The research of the department is focused on the integrated experimental/bioinformatics research on metabolic networks and enzymatic function. The experimental methods used include metabolome analysis/mass spectrometry, bioinformatics tools for the construction and analysis of metabolic networks, drug target identification, genome annotation, metabolic flux analysis, protein/protein docking and protein structure prediction are developed and used. The enzyme information system BRENDA is curated at the department. It contains the development of experimental methods for the analysis of metabolic profiles, the subsequent application for genotype/phenotype characterization, genome annotation as well as the establishment of an integrated database containing function and property data of biomolecules and organisms based on the BRENDA model. A further aspect is the development and optimization of computer tools for protein drug screening and design.

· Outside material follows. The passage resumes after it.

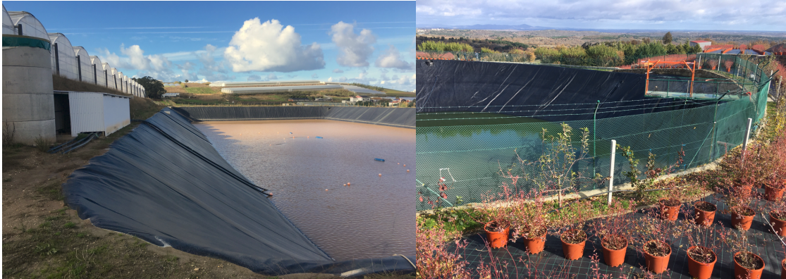
Figura 3 – Recolha de drenagem e águas pluviais para a rega de culturas hortícolas em estufa e de pequenos frutos ao ar livre, na região do Oeste (à esq.) e na Guarda (à dir.) (fotos de M. Reis).

The metabolic profile of the a number of model organisms, including Corynebacterium glutamicum, Pseudomonas aeruginosa, Pseudomonas putida, Sulfolobus solfataricus, yeast etc. are analysed with respect to their reaction of genetic and environmental modifications, using GC/MS as well as HPLC/MS methods. Combined with parameters available from different databases the information about metabolites, active metabolic pathways and pathway regulation is used for a complete in silico simulation process of the cellular behaviour.
Bioinformatics - systems biology
The tools developed and used are covering the whole pathway from genome annotation and omics results to the prediction of (mainly) microbial cellular reactions to modifications in the genome, the environment like infection of a host, optimization of product formation in a fermenter or treatment with a drug. This includes enzyme function prediction from genome sequences, enzyme reaction classification, metabolic network analysis and simulation, analysis of metabolome data, integration of genome/transriptome/metabolome data, automatic construction of metabolic networks from enzyme annoations data as well as the development of tools for the analysis of mass spectrometry data and the development of tools for protein structure prediction and protein docking.
BRENDA - the enzyme information system
BRENDA is one of the most heavily used databases in the molecular biosciences. It includes more than 2 million enzyme functional and property parameters manually extracted from ca. 70 000 literature references and data from text-mining projects. Data include classification and nomenclature, reaction & specificity, enzyme kinetic data, enzyme structure, isolation & preparation, stability for enzyme and nomenclature, structure and interaction role for enzyme ligands including literature references for all data cited. Today ca. 140 000 visits and more than 5 million hits per month are registered at the BRENDA host. The development of BRENDA is funded by an EU infrastructure grant, allowing it to be free for world-wide access and download.